I appreciate the premise of this novel: If someone has had to bear abuse, the least we can do is listen.
Author Cynthia Bond has one of the main characters, Ephram, state it out here in Ruby:
He whispered into her ear, “I ain’t going nowhere. If you brave enough to live it, the least I can do is listen.” Ruby fought against the rise of hope. She lost when he said: “Girl, you a miracle of nature.”
The setting is a small Texas town, full of prejudice on all sides. When an original resident, Ruby Bell, returns there after a few years in New York City, her mental illness isn’t met with compassion. As the story unfolds, you start to understand why each character reacts as they do to her.
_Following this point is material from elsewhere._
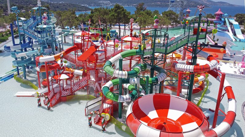 Vybavenie: Váš priestranný dovolenkový dom má rozlohu viac ako 200 000 m² a ponúka vám 833 izieb, ktoré sú rozmiestnené v hlavnej budove so štyrmi poschodiami a niekoľkých bungalovoch s dvoma poschodiami. Víta vás pompézna recepcia s recepciou, výťahmi, posedením a lobby barom, hlavná reštaurácia s terasou a výhľadom na záliv Torba, rôzne špecializované reštaurácie (každá s rezerváciou), cukráreň a rôzne bary sa postarajú o vašu fyzickú pohodu. K ďalšiemu vybaveniu v areáli hotela patrí Wi-Fi v cene, herňa (za poplatok), konferenčné miestnosti, exkluzívne obchody, presvetlený krytý bazén s vírivkou a samostatným detským bazénom a skvelé wellness. V hotelovom komplexe nájdete aj areál Candyland s rozlohou 200 000 m² s 3 bazénmi, 25 toboganmi, zábavným parkom, ako aj obrovským bazénom s hlavným bazénom a samostatným detským bazénom, stupňovitým relaxačným bazénom a slnečnými terasami. Ležadlá, vankúše, slnečníky a plážové osušky sú zahrnuté okolo bazénov, v Candyland a samozrejme na pláži s moderným mólom a plážovým barom.

So I listened. The abuse was horrible. Even though it was a work of fiction, I know these things happen in real life and it is devastating.
But before the halfway mark, I decided to stop. Close this book. I couldn’t take anymore. I didn’t understand the Louisiana voodoo parts. I didn’t like the raunchy telling of sex scenes.
And honestly, I didn’t like hearing so much pain in a novel I was reading for pleasure.
I clicked off the page I was on and was about to delete the whole book from my Kindle. Then I remembered it was a review book that I had committed to read. So I trudged on.
Did it get better? Well, the writing was beautiful. Cynthia Bond can weave magic with her words. Such beauty there. She also was excellent at moving between past and present in unfolding her characters. And she showed me things I didn’t know before. I don’t think we should turn away from pain just because it’s uncomfortable; I did learn things here.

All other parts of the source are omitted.